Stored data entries
◆ ◆ ◆ ◆ ◆
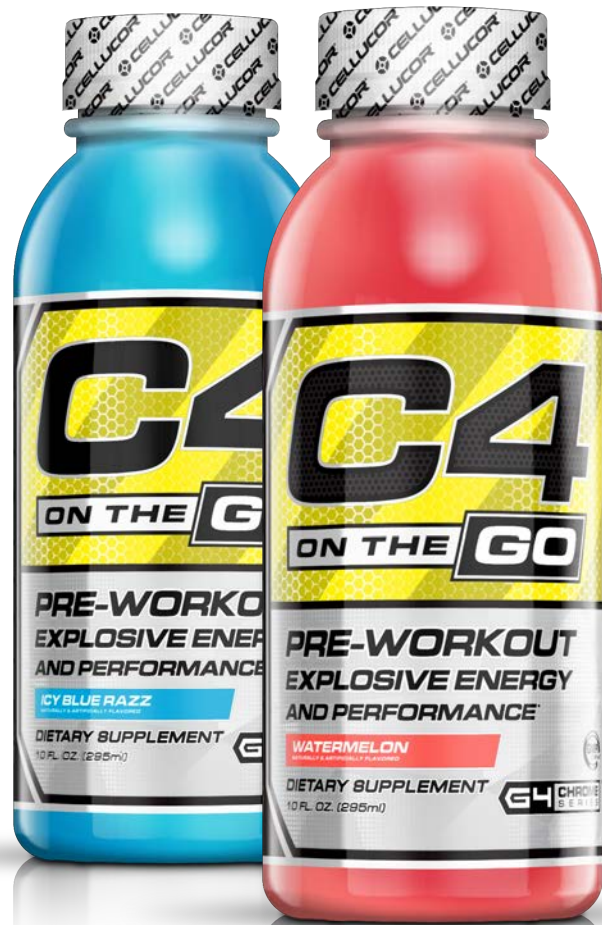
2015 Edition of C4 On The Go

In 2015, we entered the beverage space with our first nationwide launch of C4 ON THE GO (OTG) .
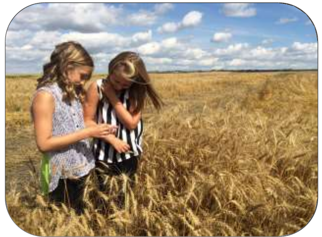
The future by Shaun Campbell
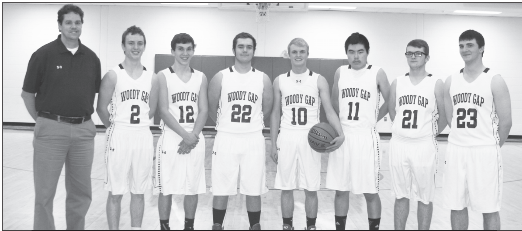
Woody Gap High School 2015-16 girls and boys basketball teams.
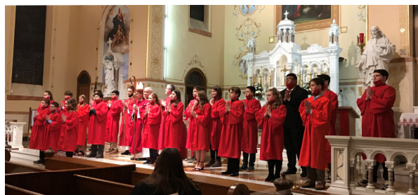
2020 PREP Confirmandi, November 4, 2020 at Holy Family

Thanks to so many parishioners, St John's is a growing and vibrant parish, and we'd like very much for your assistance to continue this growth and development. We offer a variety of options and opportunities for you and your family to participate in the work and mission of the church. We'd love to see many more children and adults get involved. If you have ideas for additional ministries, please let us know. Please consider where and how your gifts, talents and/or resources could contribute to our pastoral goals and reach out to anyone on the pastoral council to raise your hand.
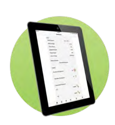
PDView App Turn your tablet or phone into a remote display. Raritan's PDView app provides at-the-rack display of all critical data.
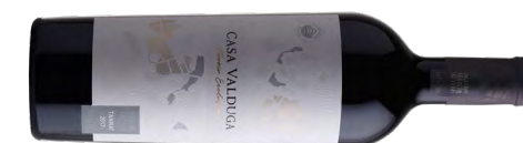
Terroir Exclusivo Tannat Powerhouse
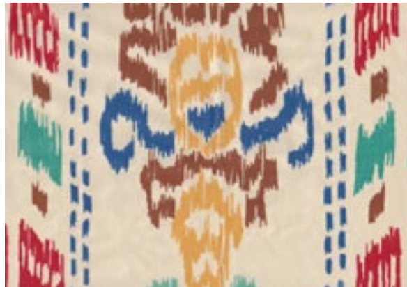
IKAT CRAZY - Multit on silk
◆ ◆ ◆ ◆ ◆
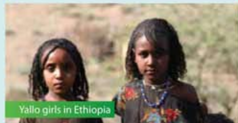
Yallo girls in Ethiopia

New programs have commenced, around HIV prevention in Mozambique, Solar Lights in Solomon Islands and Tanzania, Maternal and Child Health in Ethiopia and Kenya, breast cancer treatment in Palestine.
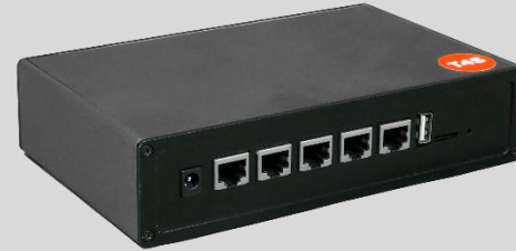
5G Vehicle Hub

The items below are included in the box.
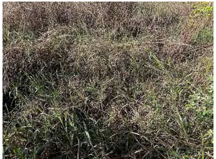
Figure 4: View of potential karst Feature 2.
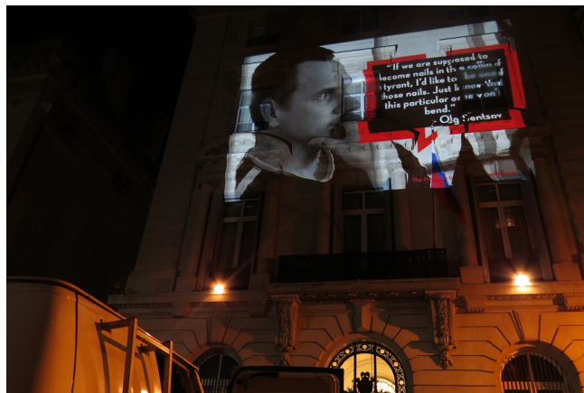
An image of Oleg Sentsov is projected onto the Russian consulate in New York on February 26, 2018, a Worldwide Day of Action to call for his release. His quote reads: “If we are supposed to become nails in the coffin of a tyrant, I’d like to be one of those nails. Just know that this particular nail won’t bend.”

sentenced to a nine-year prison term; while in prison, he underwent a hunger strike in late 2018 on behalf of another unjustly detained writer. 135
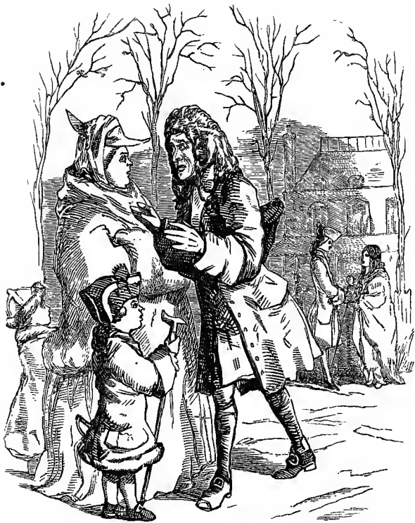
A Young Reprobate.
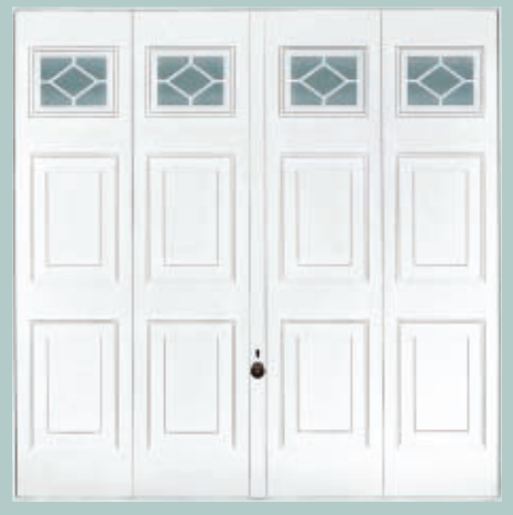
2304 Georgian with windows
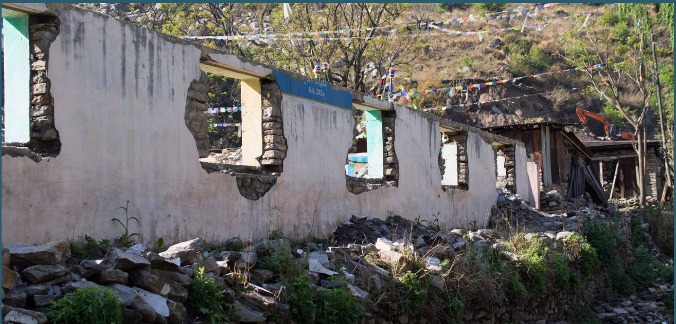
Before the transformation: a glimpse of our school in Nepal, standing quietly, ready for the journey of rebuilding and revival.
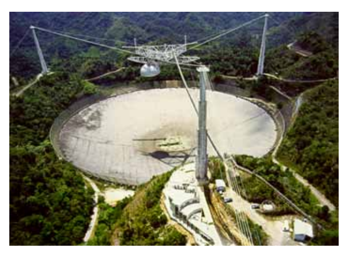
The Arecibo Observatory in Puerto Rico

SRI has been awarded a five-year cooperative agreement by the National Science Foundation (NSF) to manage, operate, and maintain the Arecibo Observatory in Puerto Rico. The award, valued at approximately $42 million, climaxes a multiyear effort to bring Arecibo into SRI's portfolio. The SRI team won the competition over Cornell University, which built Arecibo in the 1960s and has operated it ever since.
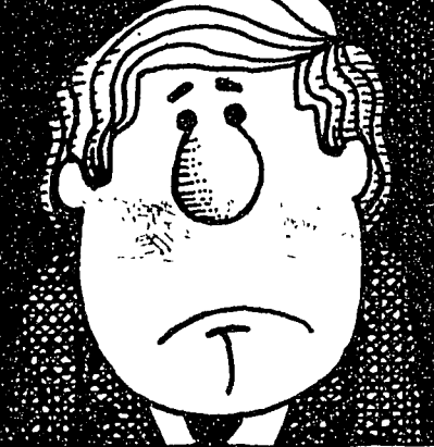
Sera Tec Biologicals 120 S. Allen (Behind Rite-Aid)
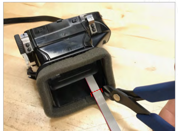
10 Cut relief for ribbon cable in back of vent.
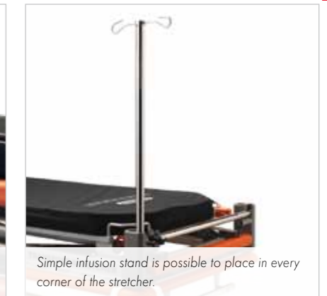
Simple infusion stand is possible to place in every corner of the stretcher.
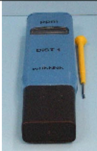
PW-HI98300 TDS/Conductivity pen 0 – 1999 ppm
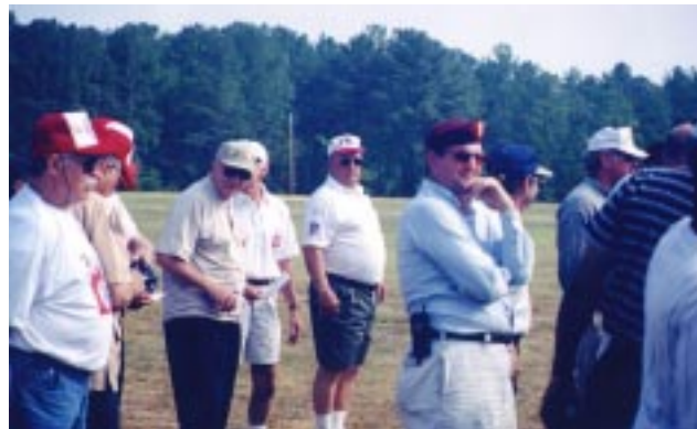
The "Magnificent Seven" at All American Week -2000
◆ ◆ ◆ ◆ ◆
* _About this exercise_: Write out every line of the data that holds the word "Puerto".

* _Finished task_:
The Arecibo Observatory in Puerto Rico
SRI has been awarded a five-year cooperative agreement by the National Science Foundation (NSF) to manage, operate, and maintain the Arecibo Observatory in Puerto Rico. The award, valued at approximately $42 million, climaxes a multiyear effort to bring Arecibo into SRI's portfolio. The SRI team won the competition over Cornell University, which built Arecibo in the 1960s and has operated it ever since.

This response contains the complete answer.